On Thursday, stocks experienced a significant downturn during trading, continuing the decline initiated at the end of the previous session. All major indices have noted a decline, with the Nasdaq, heavily weighted with technology stocks, experiencing the steepest drop.
At present, the major indices are hovering near their session lows. The Nasdaq has fallen by 374.39 points, marking a 2.0% decrease to 18,233.54. The S&P 500 has decreased by 73.58 points or 1.3%, landing at 5,740.09, while the Dow has ducked down 263.72 points or 0.6% to 41,877.82.
The sell-off on Wall Street is driven by unfavorable reactions to earnings reports from tech giants Microsoft (MSFT) and Meta Platforms (META).
Shares of Microsoft have plunged by 5.9% following the company's announcement of better-than-expected first-quarter fiscal results, which were overshadowed by disappointing revenue forecasts for the current quarter.
Similarly, Meta, the parent company of Facebook, skidded by 2.7% despite reporting third-quarter earnings that surpassed estimates, as the user growth fell short of expectations. Meta has also projected an increase in capital expenditure due to its investments in artificial intelligence (AI).
Investors are also responding to key consumer price inflation data, which has generally aligned with economists’ forecasts. The Commerce Department noted that its personal consumption expenditures (PCE) price index rose by 0.2%, with the annual growth rate decelerating to 2.1%, both figures meeting anticipations.
However, the core PCE price index, which strips out food and energy costs, remained static from the previous month at 2.7% rather than slowing to the expected 2.6%. This marginally higher-than-anticipated core price increase could exacerbate existing concerns that the Federal Reserve might decelerate interest rate cuts.
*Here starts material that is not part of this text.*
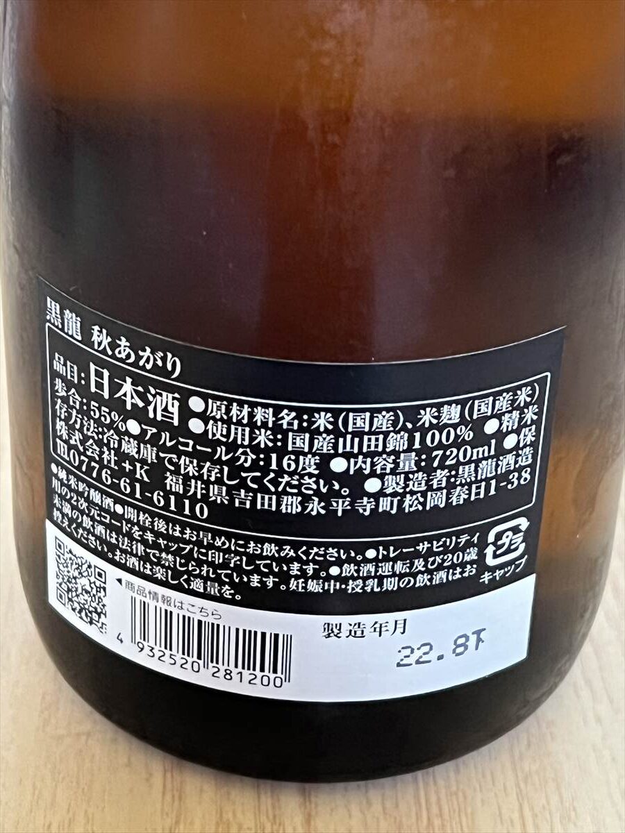 黒龍 秋あがり(黒龍酒造 / 福井県)

"The year-over-year core PCE print indicated a 2.7% increase, suggesting that the Fed is still facing challenges in this final phase of controlling inflation and achieving their goal," said Quincy Krosby, Chief Global Strategist for LPL Financial. She further noted, "Although a 25-basis point reduction in interest rates at the next Fed meeting is anticipated, the Fed must recognize that with enduring consumer spending, increased wages from a series of successful strikes, and a robust labor market, they must adopt a 'gradual' strategy towards reducing rates until the Federal Open Market Committee is comfortable that inflation isn't likely to surge."
Adding to concerns of slower rate reductions, a Labor Department report indicated that initial jobless claims unexpectedly dropped to a five-month low last week.
Sector Analysis
Software stocks, heavily influenced by Microsoft's downturn, are experiencing notable weakness, contributing to a 3.9% drop in the Dow Jones U.S. Software Index.
Semiconductor stocks are also showing significant weakness, as seen with the Philadelphia Semiconductor Index's 3.7% decline, marking it as the lowest intraday level in over a month.
The prices of gold stocks have also plummeted alongside the precious metals market, leading to a 3.0% decrease in the NYSE Arca Gold Bugs Index.
Notable weaknesses are present in computer hardware, networking, and retail stocks. Conversely, utilities and energy stocks are managing to resist the prevailing downward trend.
Global Markets
In foreign markets, stock indices across the Asia-Pacific region predominantly fell on Thursday. Japan's Nikkei 225 Index dropped by 0.5%, and Hong Kong's Hang Seng Index decreased by 0.3%. However, China's Shanghai Composite Index defied the trend and rose by 0.4%.
European markets have similarly trended downward. The French CAC 40 Index decreased by 0.9%, the U.K.'s FTSE 100 Index is down by 0.7%, and the German DAX Index is lower by 0.5%.
In the bond market, treasuries have retracted following slight gains in the previous sessions. Consequently, the yield on the benchmark ten-year note, which inversely follows its price, has increased by 4.7 basis points to 4.311%.